[WHAT NEEDS TO BE DONE]: In the listing below, the lines starting with the line with "21 frame mosaic" and going on through the line with "Hamsa Hand Necklace,Wood" are to be reproduced exactly, and only those.

[PROVIDED INFORMATION]:
□ □ □
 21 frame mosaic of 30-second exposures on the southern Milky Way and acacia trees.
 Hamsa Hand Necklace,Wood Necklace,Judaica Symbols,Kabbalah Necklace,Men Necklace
□ □ □
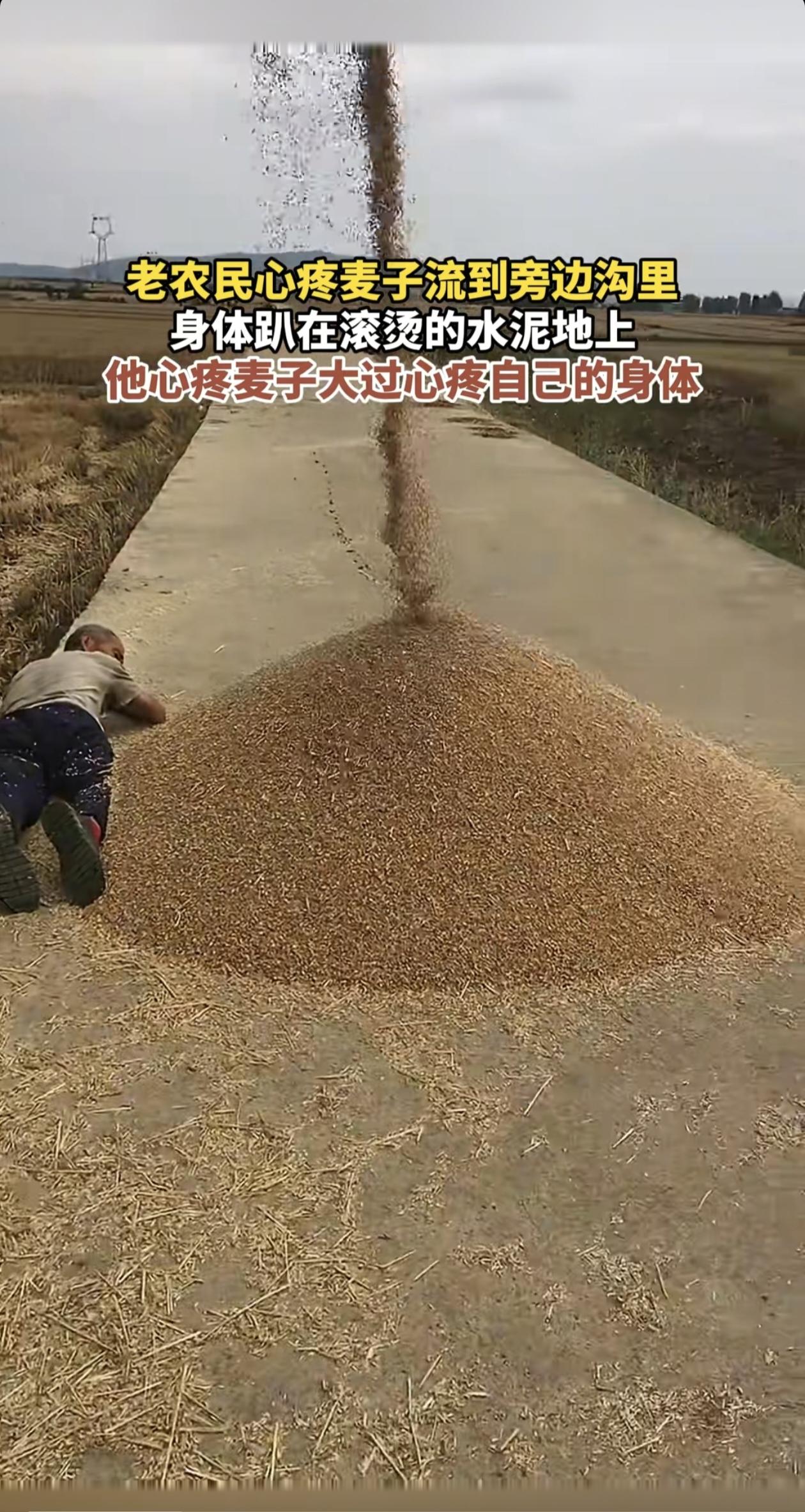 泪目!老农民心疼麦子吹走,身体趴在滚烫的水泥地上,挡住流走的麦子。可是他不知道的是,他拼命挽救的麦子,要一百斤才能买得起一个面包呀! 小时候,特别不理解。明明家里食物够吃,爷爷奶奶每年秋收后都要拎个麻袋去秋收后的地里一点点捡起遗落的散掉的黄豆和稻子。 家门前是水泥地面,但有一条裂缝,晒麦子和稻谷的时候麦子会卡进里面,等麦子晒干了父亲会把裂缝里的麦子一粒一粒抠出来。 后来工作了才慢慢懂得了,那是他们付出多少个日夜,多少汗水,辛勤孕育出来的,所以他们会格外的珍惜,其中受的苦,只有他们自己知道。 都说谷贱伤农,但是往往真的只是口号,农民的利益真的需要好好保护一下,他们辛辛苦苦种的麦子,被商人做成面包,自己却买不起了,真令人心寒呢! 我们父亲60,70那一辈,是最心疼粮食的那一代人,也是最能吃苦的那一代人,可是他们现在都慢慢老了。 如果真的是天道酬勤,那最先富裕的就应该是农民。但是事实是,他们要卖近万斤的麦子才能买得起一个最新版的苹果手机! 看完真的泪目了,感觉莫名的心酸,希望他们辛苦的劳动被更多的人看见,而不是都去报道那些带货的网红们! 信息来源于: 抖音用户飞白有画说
□ □ □
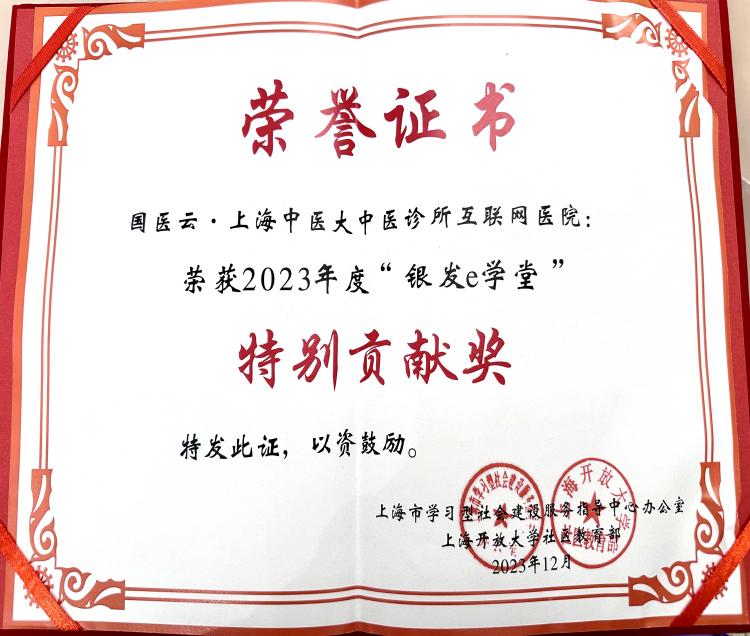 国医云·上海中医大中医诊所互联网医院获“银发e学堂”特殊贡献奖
□ □ □
[TASK SOLUTION]:
 21 frame mosaic of 30-second exposures on the southern Milky Way and acacia trees.
 Hamsa Hand Necklace,Wood Necklace,Judaica Symbols,Kabbalah Necklace,Men Necklace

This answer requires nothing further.